Each record is to be copied exactly, with its pictures left behind.
•••
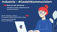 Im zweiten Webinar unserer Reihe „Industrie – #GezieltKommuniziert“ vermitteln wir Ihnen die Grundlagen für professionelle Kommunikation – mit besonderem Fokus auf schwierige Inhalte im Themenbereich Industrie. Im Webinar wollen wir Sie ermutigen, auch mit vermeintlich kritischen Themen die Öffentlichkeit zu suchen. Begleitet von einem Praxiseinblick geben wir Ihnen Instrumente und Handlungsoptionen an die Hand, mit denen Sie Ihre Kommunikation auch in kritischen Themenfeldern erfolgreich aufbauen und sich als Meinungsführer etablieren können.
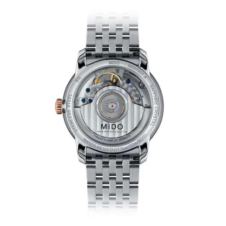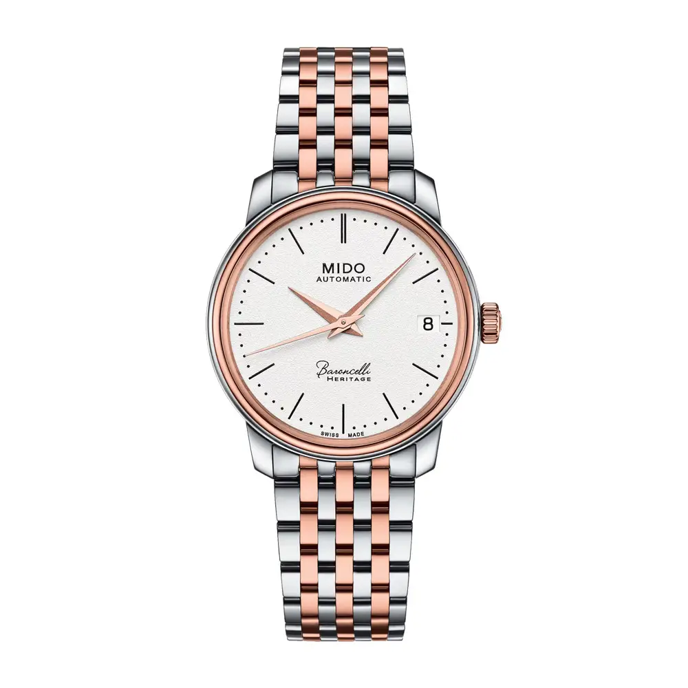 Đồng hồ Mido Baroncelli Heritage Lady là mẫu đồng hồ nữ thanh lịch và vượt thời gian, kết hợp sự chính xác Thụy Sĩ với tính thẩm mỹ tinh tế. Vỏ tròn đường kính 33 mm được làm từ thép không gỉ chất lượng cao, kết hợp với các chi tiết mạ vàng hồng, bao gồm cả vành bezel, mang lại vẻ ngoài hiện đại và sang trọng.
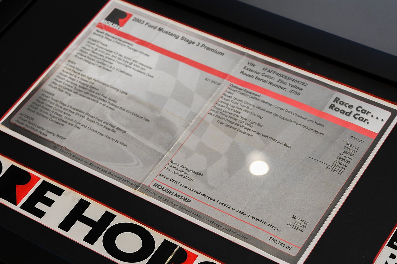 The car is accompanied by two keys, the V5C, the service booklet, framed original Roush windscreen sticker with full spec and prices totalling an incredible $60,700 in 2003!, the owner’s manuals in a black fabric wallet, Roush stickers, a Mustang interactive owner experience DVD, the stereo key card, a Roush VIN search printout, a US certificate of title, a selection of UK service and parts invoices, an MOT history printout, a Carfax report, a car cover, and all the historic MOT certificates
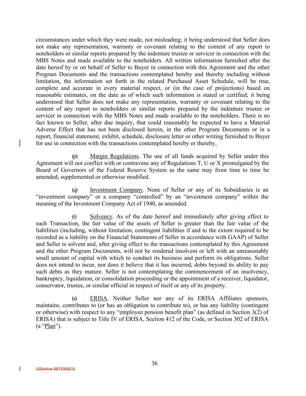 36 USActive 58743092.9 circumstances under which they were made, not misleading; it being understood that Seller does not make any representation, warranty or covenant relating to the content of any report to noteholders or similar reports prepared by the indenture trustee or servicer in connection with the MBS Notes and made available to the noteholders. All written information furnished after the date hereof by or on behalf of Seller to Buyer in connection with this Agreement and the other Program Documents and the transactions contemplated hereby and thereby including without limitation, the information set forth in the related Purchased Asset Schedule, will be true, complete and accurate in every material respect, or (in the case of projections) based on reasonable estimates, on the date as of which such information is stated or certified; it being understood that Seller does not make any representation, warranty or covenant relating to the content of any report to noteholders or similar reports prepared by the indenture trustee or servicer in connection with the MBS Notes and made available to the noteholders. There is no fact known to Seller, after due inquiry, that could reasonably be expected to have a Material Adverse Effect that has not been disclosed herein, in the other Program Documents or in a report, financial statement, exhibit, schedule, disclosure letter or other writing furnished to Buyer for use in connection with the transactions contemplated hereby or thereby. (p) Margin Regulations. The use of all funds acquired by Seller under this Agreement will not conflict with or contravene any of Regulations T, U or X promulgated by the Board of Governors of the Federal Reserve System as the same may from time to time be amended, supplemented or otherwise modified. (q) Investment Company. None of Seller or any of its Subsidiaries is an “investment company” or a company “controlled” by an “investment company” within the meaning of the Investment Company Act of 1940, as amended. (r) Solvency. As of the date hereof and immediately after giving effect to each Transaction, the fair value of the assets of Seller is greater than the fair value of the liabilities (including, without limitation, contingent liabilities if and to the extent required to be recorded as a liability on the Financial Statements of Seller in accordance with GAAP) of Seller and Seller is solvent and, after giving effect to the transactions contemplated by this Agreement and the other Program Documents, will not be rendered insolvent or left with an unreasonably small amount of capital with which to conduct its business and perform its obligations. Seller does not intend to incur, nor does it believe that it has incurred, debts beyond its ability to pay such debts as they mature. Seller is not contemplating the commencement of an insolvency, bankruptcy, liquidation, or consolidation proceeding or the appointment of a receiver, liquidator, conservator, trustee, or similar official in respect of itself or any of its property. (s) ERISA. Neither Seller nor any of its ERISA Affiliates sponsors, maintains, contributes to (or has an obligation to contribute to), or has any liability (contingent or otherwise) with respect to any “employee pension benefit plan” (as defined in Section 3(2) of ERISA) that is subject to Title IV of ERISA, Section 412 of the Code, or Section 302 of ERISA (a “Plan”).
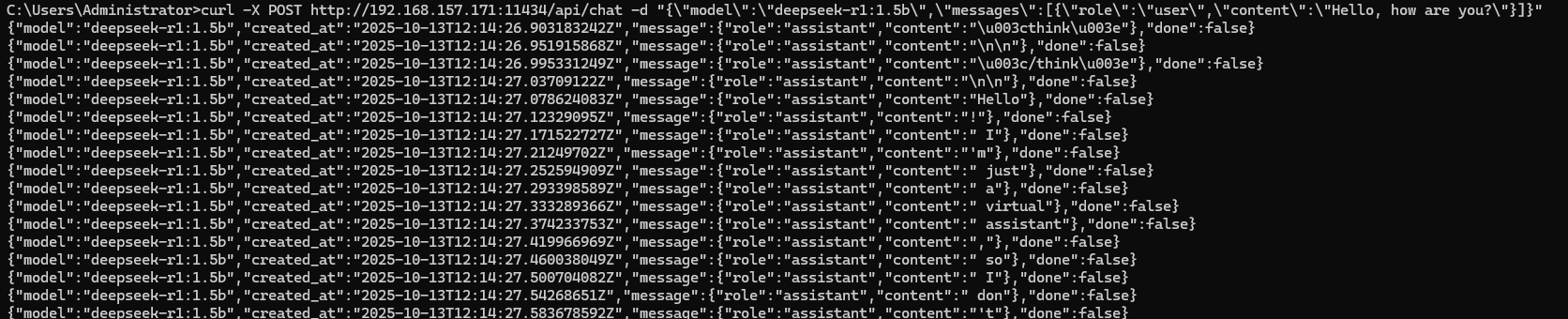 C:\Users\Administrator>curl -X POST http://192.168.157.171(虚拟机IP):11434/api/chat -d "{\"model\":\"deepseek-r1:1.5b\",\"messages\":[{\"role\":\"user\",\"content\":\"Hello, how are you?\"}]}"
•••
**Reply to the exercise**
 Im zweiten Webinar unserer Reihe „Industrie – #GezieltKommuniziert“ vermitteln wir Ihnen die Grundlagen für professionelle Kommunikation – mit besonderem Fokus auf schwierige Inhalte im Themenbereich Industrie. Im Webinar wollen wir Sie ermutigen, auch mit vermeintlich kritischen Themen die Öffentlichkeit zu suchen. Begleitet von einem Praxiseinblick geben wir Ihnen Instrumente und Handlungsoptionen an die Hand, mit denen Sie Ihre Kommunikation auch in kritischen Themenfeldern erfolgreich aufbauen und sich als Meinungsführer etablieren können.
 Đồng hồ Mido Baroncelli Heritage Lady là mẫu đồng hồ nữ thanh lịch và vượt thời gian, kết hợp sự chính xác Thụy Sĩ với tính thẩm mỹ tinh tế. Vỏ tròn đường kính 33 mm được làm từ thép không gỉ chất lượng cao, kết hợp với các chi tiết mạ vàng hồng, bao gồm cả vành bezel, mang lại vẻ ngoài hiện đại và sang trọng.
 The car is accompanied by two keys, the V5C, the service booklet, framed original Roush windscreen sticker with full spec and prices totalling an incredible $60,700 in 2003!, the owner’s manuals in a black fabric wallet, Roush stickers, a Mustang interactive owner experience DVD, the stereo key card, a Roush VIN search printout, a US certificate of title, a selection of UK service and parts invoices, an MOT history printout, a Carfax report, a car cover, and all the historic MOT certificates
 36 USActive 58743092.9 circumstances under which they were made, not misleading; it being understood that Seller does not make any representation, warranty or covenant relating to the content of any report to noteholders or similar reports prepared by the indenture trustee or servicer in connection with the MBS Notes and made available to the noteholders. All written information furnished after the date hereof by or on behalf of Seller to Buyer in connection with this Agreement and the other Program Documents and the transactions contemplated hereby and thereby including without limitation, the information set forth in the related Purchased Asset Schedule, will be true, complete and accurate in every material respect, or (in the case of projections) based on reasonable estimates, on the date as of which such information is stated or certified; it being understood that Seller does not make any representation, warranty or covenant relating to the content of any report to noteholders or similar reports prepared by the indenture trustee or servicer in connection with the MBS Notes and made available to the noteholders. There is no fact known to Seller, after due inquiry, that could reasonably be expected to have a Material Adverse Effect that has not been disclosed herein, in the other Program Documents or in a report, financial statement, exhibit, schedule, disclosure letter or other writing furnished to Buyer for use in connection with the transactions contemplated hereby or thereby. (p) Margin Regulations. The use of all funds acquired by Seller under this Agreement will not conflict with or contravene any of Regulations T, U or X promulgated by the Board of Governors of the Federal Reserve System as the same may from time to time be amended, supplemented or otherwise modified. (q) Investment Company. None of Seller or any of its Subsidiaries is an “investment company” or a company “controlled” by an “investment company” within the meaning of the Investment Company Act of 1940, as amended. (r) Solvency. As of the date hereof and immediately after giving effect to each Transaction, the fair value of the assets of Seller is greater than the fair value of the liabilities (including, without limitation, contingent liabilities if and to the extent required to be recorded as a liability on the Financial Statements of Seller in accordance with GAAP) of Seller and Seller is solvent and, after giving effect to the transactions contemplated by this Agreement and the other Program Documents, will not be rendered insolvent or left with an unreasonably small amount of capital with which to conduct its business and perform its obligations. Seller does not intend to incur, nor does it believe that it has incurred, debts beyond its ability to pay such debts as they mature. Seller is not contemplating the commencement of an insolvency, bankruptcy, liquidation, or consolidation proceeding or the appointment of a receiver, liquidator, conservator, trustee, or similar official in respect of itself or any of its property. (s) ERISA. Neither Seller nor any of its ERISA Affiliates sponsors, maintains, contributes to (or has an obligation to contribute to), or has any liability (contingent or otherwise) with respect to any “employee pension benefit plan” (as defined in Section 3(2) of ERISA) that is subject to Title IV of ERISA, Section 412 of the Code, or Section 302 of ERISA (a “Plan”).
 C:\Users\Administrator>curl -X POST http://192.168.157.171(虚拟机IP):11434/api/chat -d "{\"model\":\"deepseek-r1:1.5b\",\"messages\":[{\"role\":\"user\",\"content\":\"Hello, how are you?\"}]}"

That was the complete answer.